Die ursprünglich nur Graf genannte Familie wurde erstmals im Jahre 1193 erwähnt. Im 14. Jahrhundert erscheinen sie als reiche Eisengewerken im Pongau. Im Jahre 1370 erwarb der Oberpfleger Heinrich Graf die Herrschaft Schernberg und das dazugehörende Adelsprädikat von Schernberg. Seit diesem Zeitpunkt nannte sich das Geschlecht Graf von Schernberg, wurde aber auch Graf von Radstadt (damals Rastatt) genannt, weil die Familie die dortige Pflege jahrhundertelang erblich innehatte. Im Jahre 1620 wurde die Familie in die Salzburger Landstände aufgenommen. Neben unter anderen mit den Keutschachern, Herren von Graben und Stadl waren die Graf von Schernberg auch mit den Khevenhüller verwandt.

Familienmitglieder

  • Konrad Graf vertauschte 1344 seinen Posten als Urbarpropst von Werfen mit der Richterstelle in Radstadt
    • Heinrich Graf kaufte 1370 das Schloss Schernberg und übernahm zugleich von der ausgestorbenen Familie Schernberg das Adelsprädikat von Schernberg
      • Konrad Graf II. wurde im Jahre 1396 Pfleger in Radstadt, wo er Güter erwarb: Zuerst das Mauer-Schlössl als befestigter Wohnsitz, dann 1400 das Grafenhaus in der Stadt selbst. Chunrad Graf trat 1403 dem Igelbund bei, um die angestammten Rechte des Adels gegenüber dem Erzbischof zu wahren. Aus jeder folgenden Generation wurde jeweils ein Mitglied der Familie Pfleger des Gerichtes Radstadt.
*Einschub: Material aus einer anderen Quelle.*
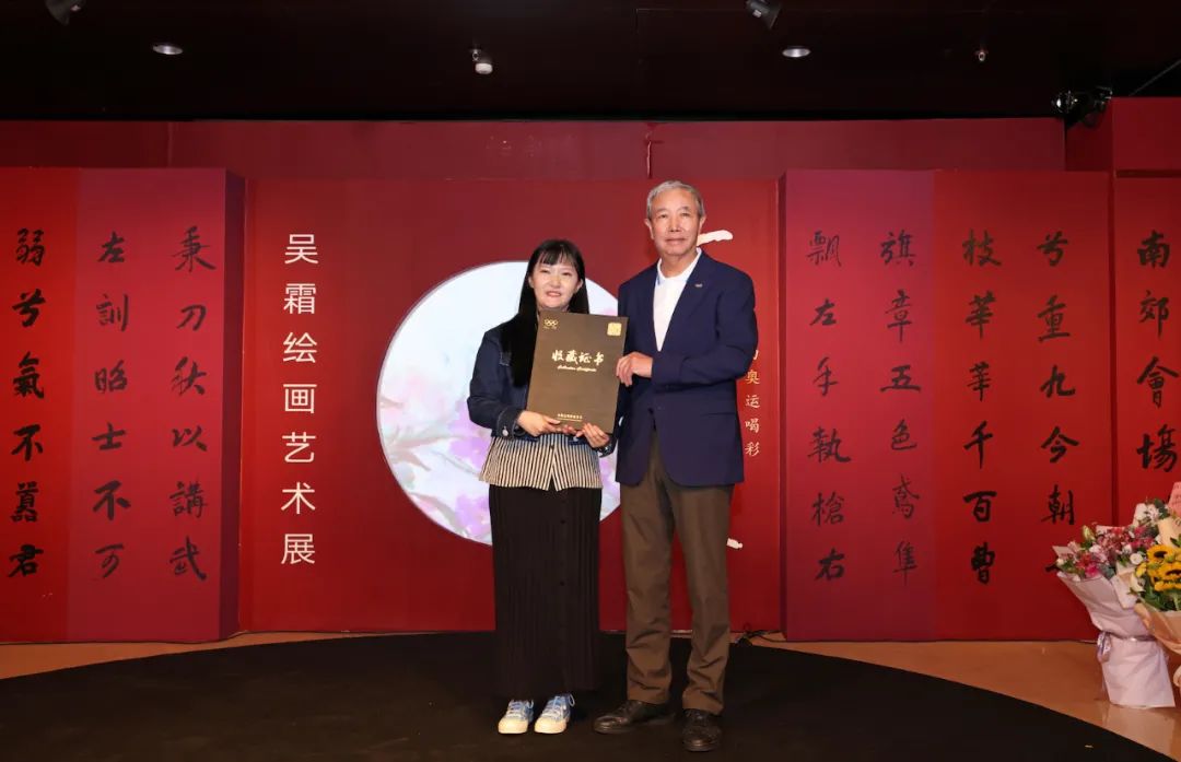国际奥委会副主席于再清向“为奥运喝彩”青年画家吴霜颁发收藏证书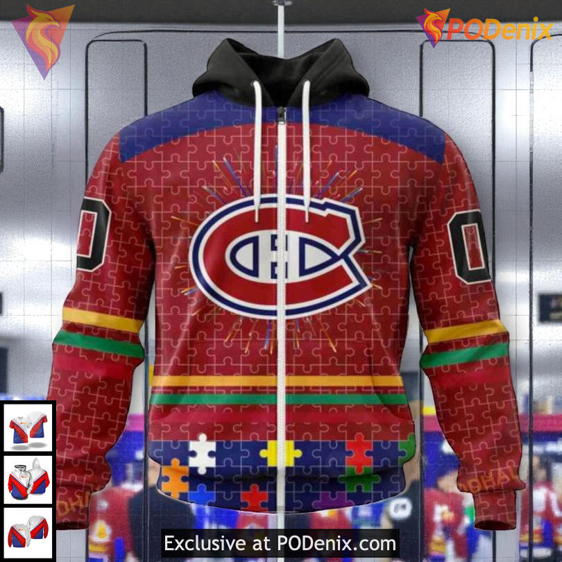 Product Information for Fearless Against Autism Theme NHL Montreal Canadiens Youth Hoodie 3D: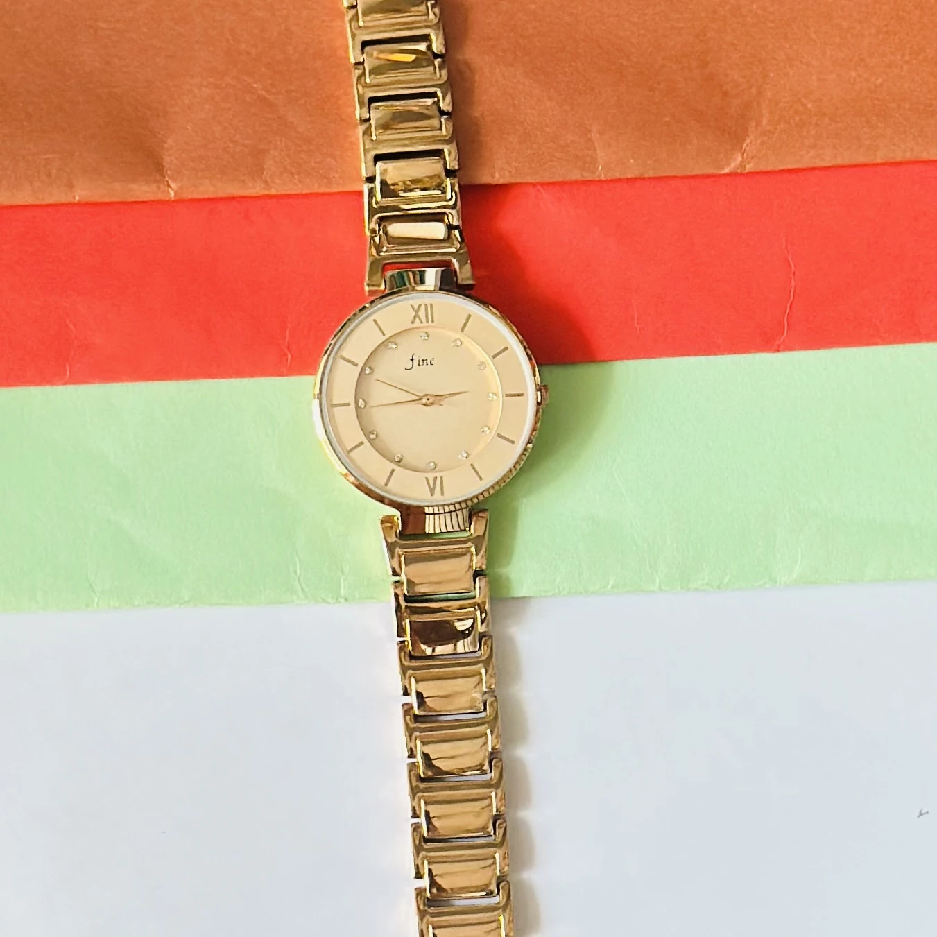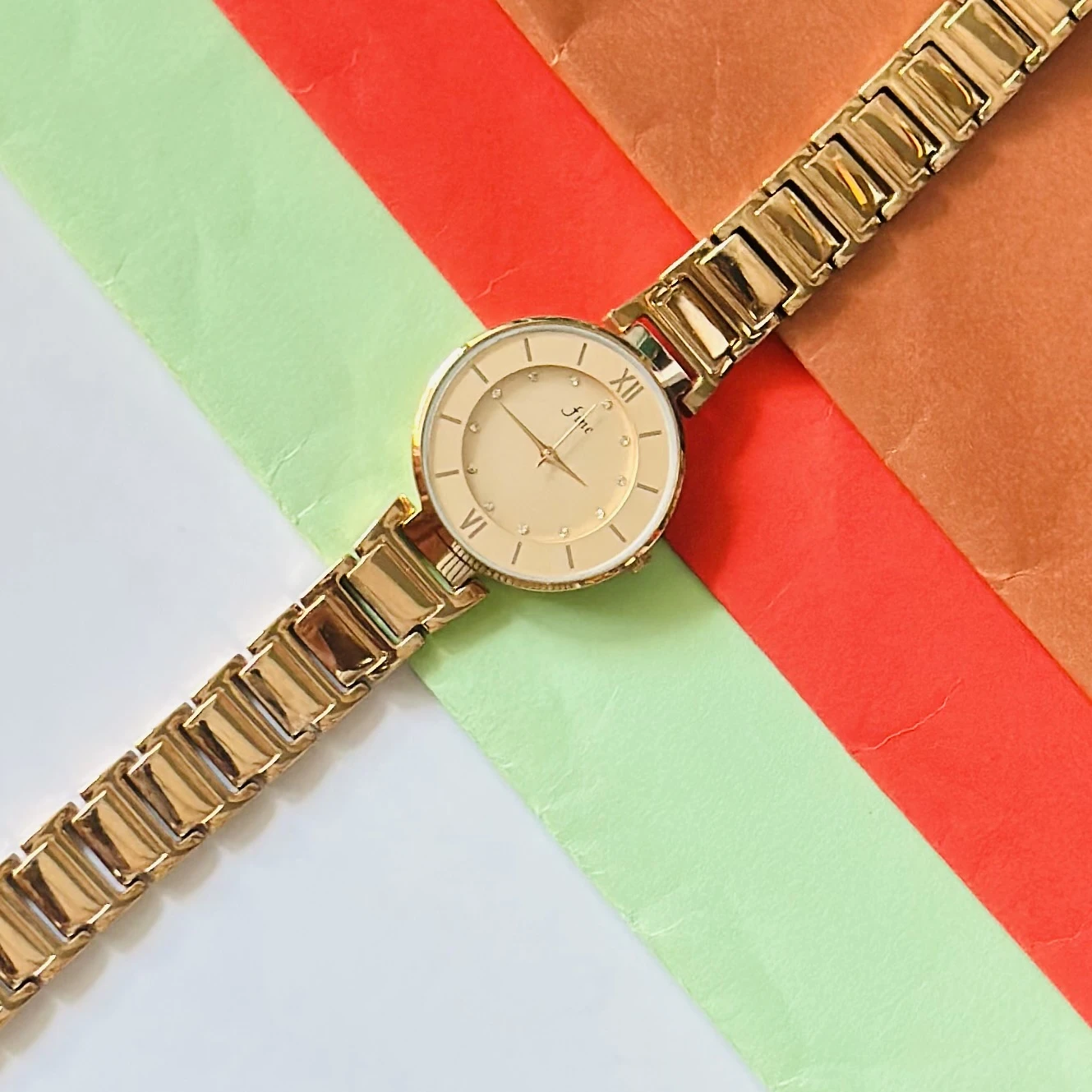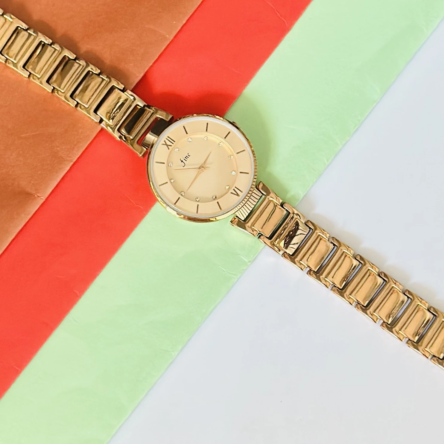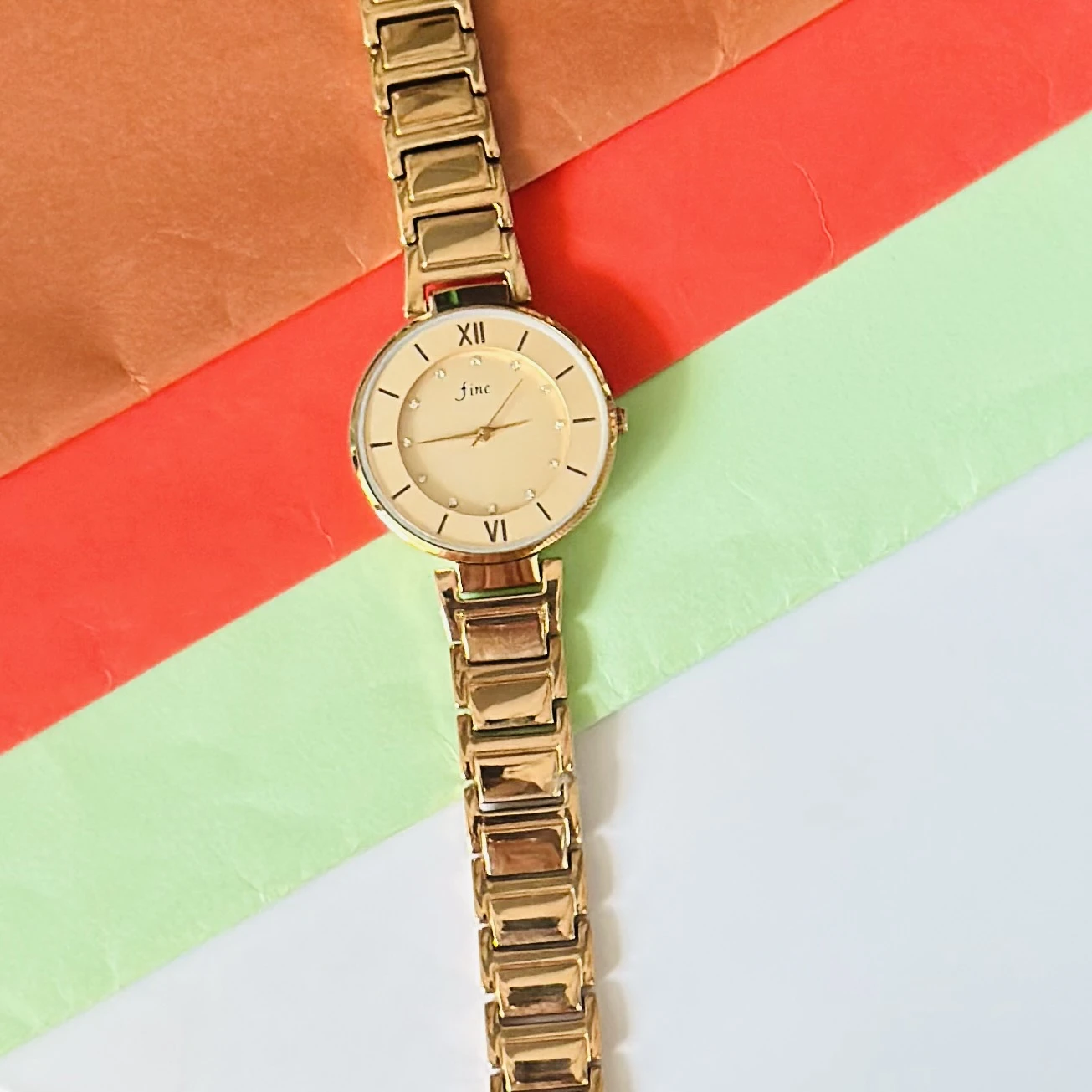 👉 Theme :- Gold toned women's analog watch, possibly a Romofy bracelet stylish watch.

Eine andere Linie dieser Familie ist in Kärnten ansässig gewesen (Graf von Schernberg zu Lendorf bei Feldkirchen). Am 10. Juni 1882 verstarb Luise Graf (* 26. Dezember 1796 in Freiburg im Üechtland), die Tochter des Friedrich Graf zu Schernberg und Radstadt. Sie war verheiratet mit dem k.u.k. Cassier der Staatsschulden-Cassa, August Anton von Várhegyi du Mont de Beaufort.

Die Grablege dieser Herren von Schernberg befindet sich in der Pfarrkirche Sankt Veit im Pongau.
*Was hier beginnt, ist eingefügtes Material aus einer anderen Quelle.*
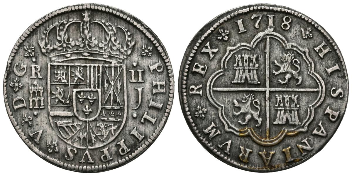 English FELIPE V (1700-1746). 2 Real. (Ar. 5.12g / 27mm). 1718. Segovia J. (Cal-2019-947). VF.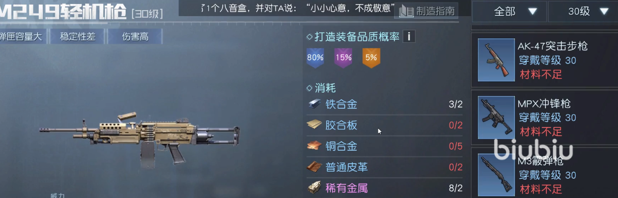 首先要给大家说的就是游戏中的装备品质,在这款游戏中装备一共分为了三个品质,分别为蓝色、紫色和金色,其中金色是最高级男色是最低级,这些不同品质的装备会在属性上和词缀上有差别,这里就那散弹枪给大家举一个例子。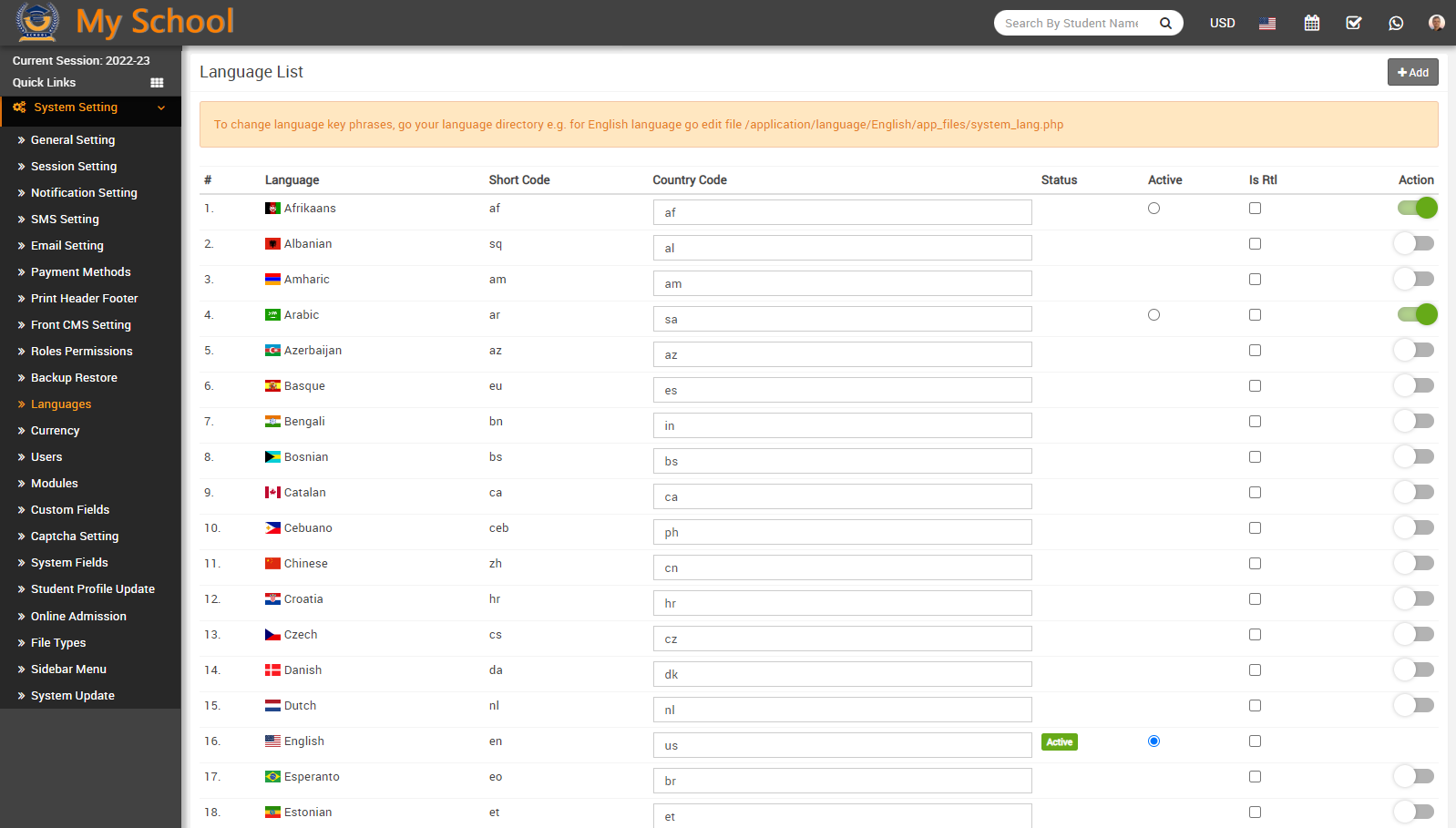 To activate any language (In which you want to run School ERP Software), click on Action button present in the last column.

Datei:COA Grafen Schernberg.png
Wappen der Graf(f) von Schernberg in Siebmachers Wappenbuch von 1701

Wappen

Blasonierung: Geviertes Schild, Feld 1 und 4 in Rot eine goldene Krone, aus der ein silberner Drachenkopf mit Hals wächst (dies ist das Stammwappen), 2 und 3 in Rot eine goldene aufsteigende Spitze (das Wappen der Goldegg); zwei Helme, der eine mit dem silbernen Drachenkopf wachsend, der zweite mit zwei goldenen Fischen mit den Köpfen nach unten; Helmdecken rot-silbern und rot-golden.

Weblinks

Literatur

  • Moriz Maria Edler von Weittenhiller: Der Salzburgische Adel („Siebmacher, Salzburg“), Verlag Von Bauer und Raspe, Nürnberg 1883.
  • Friederike Zaisberger, Walter Schlegel: Burgen und Schlösser in Salzburg. Pongau, Pinzgau und Lungau. Birken-Verlag Wien 1978. ISBN 3-85030-037-4. S. 34 ff. (Abschnitt Mauer-Oberbräuschlößl mit Angabe von Vertretern der Familie von 1344 bis 1610.)
  • Siebmacher, Johann: Johann Siebmachers Wappen-Buch. Band 28. Die Wappen des Adels in Salzburg, Steiermark und Tirol. Faksimile-Nachdruck der Ausgabe Nürnberg 1701–1806. München: Battenberg. Bauer & Raspe: Neustadt an der Aisch, 1979.